All studies to date have had essential limitations, including differences in trial design, use of different species and plant parts (containing different constituents), various routes of administration, sample size, monitoring responses of healthy subjects, analytical methodology, and choice of biomarker and placebo. These differences make it hard to compare the results; consequently, these data do not allow clear conclusions whether Echinacea might be effective for this purpose or not.
Hepatoprotective Effects: Chicoric acid may reduce acute alcohol-induced steatosis in mice through interfering with the induction of iNOS and iNOS-dependent signaling pathways in the liver. Acute alcohol administration caused a significant increase in hepatic triacylglycerols accumulation, which was associated with increase in 4-hydroxynonenal protein adducts, and iNOS and active plasminogen activator inhibitor 1 protein level in the liver; pretreatment with chicoric acid for 4 days before ethanol ingestion significantly attenuated these alcohol effects on the liver.
In RAW264.7 macrophages, treatment with chicoric acid (4 mg/kg body weight) suppressed LPS-induced TNF-α and iNOS at mRNA expression level 23. E. purpurea extract had a protective role on kidney and liver against diethylnitrosamine (DEN) toxicity in rats. One month administration of DEN caused an elevation in serum alanine transaminase (ALT), aspartate transaminase (AST), and alkaline phosphatase (ALP), creatinin and total and direct bilirubin levels in serum; however these factors decreased in E. purpurea administration. Also, the histopatho-logical investigation revealed a proliferation of hepatic stellate cells 117. It was found that alkamide dodeca-2E, 4E, 8Z, 10Z(E)-tetraenoic acid isobutylamides isolated from E. purpurea root has hepatoprotective effect against acute fulminant hepatitis induced by lipopolysaccharide/D-galactosamine (LPS/D-GalN) in mice.

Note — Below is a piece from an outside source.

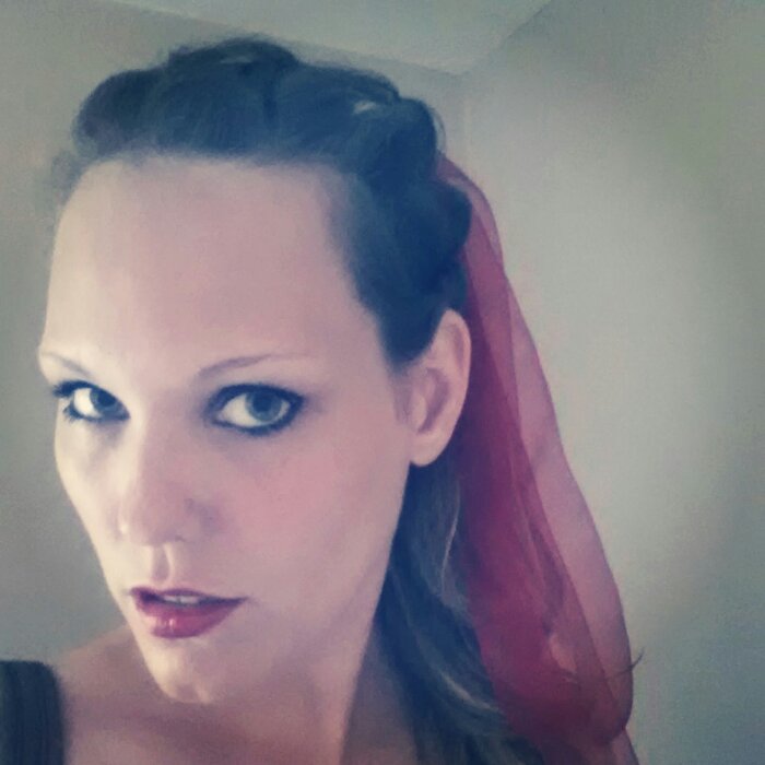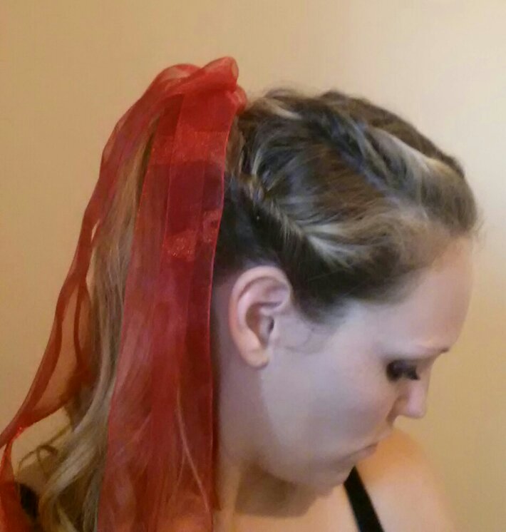 All I needed here was some red organza ribbon from Michael’s. I sectioned my hair into 5 and then rolled from the front to the back. And then put the rest up in a pony tail and wrapped the ribbon around letting the ends hang loose.

This dose-dependently induced HO-1 protein expression in LPS-stimulated murine macrophages that were regulated through an increase in JNK phosphorylation, c-jun protein expression, and phosphorylation, and transcription factor AP-1 binding consensus DNA activity. Besides, this alkamide suppressed serum aminotransferase activities, TNF-α expression, and damages to hepatocytes of LPS/d-GalN-treated mice 118. Cadmium (Cd 2+) is toxic to a wide range of tissues. Prolonged intraperitoneal injection of E. purpurea extract combined with Cd(2+)Cl(2) decreased the mitotic activity induced by Cd 2+, also increased apoptotic activity of hepatocytes of mice 119. These data suggest a new application of Echinacea as a hepatoprotective agent; however further investigation is needed.
Echinacea against Diabetes: Diabetes is a debilitating and often life-threatening problem with increasing incidence throughout the world. A scientific investigation of herbal remedies for diabetes may provide valuable alternative drugs and therapeutic strategies. Recent studies have indicated that Echinacea could have anti-diabetic activities.

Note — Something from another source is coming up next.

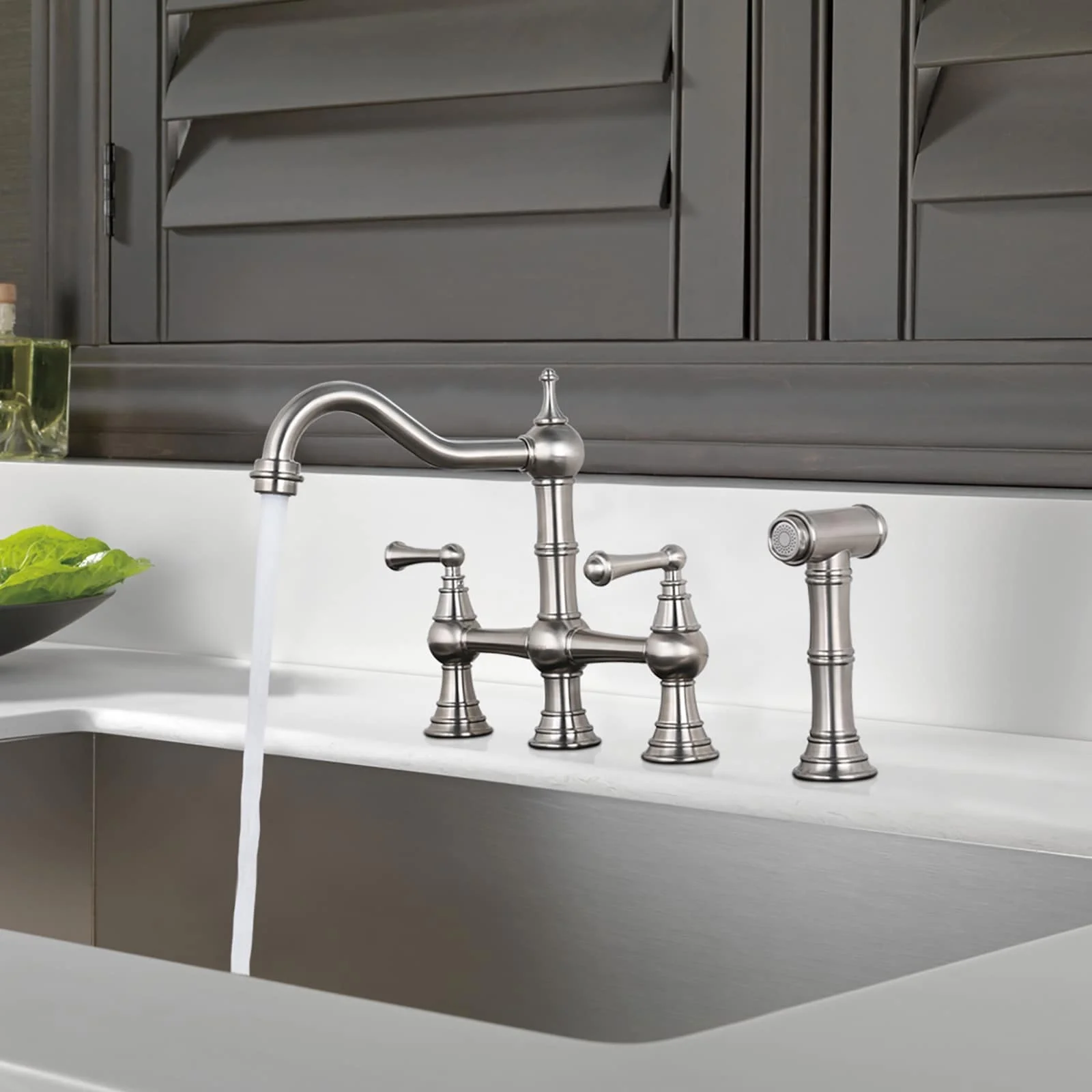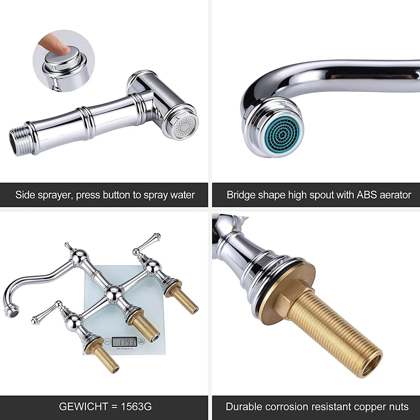 23115A1RB-OS WOWOW Kitchen Faucet with Sprayer, Bridge Kitchen Faucet 2 Handle with Side Sprayer Oil Rubbed Bronze - Curated Treasures Market

Adipogenesis has been used to study the insulin signaling pathway and to screen anti-diabetic compounds. When adipocyte differentiation was induced with insulin plus 3-isobutyl-1-methylxanthine and dexamethasone, the accumulation of lipid droplets and the cellular triglyceride content were increased by ethanolic extract of E. purpurea. The expression of PPAR-γ and CCAAT-enhancer-binding protein (C-EBP)α in 3T3-L1 adipocytes-treated with dodeca-2(E),4(E)-dienoic acid isobutylamide were increased, as well as triglyceride content of adipocytes and fat accumulation, were improved 28. The isomeric C12-alkamides isolated from a dichloromethane root extract of E. purpurea were found to activate PPAR-γ, to increase basal and insulin-dependent glucose uptake in 3T3-L1 adipocytes in a dose-dependent manner, and to exhibit characteristics of a PPAR-γ partial agonist 29.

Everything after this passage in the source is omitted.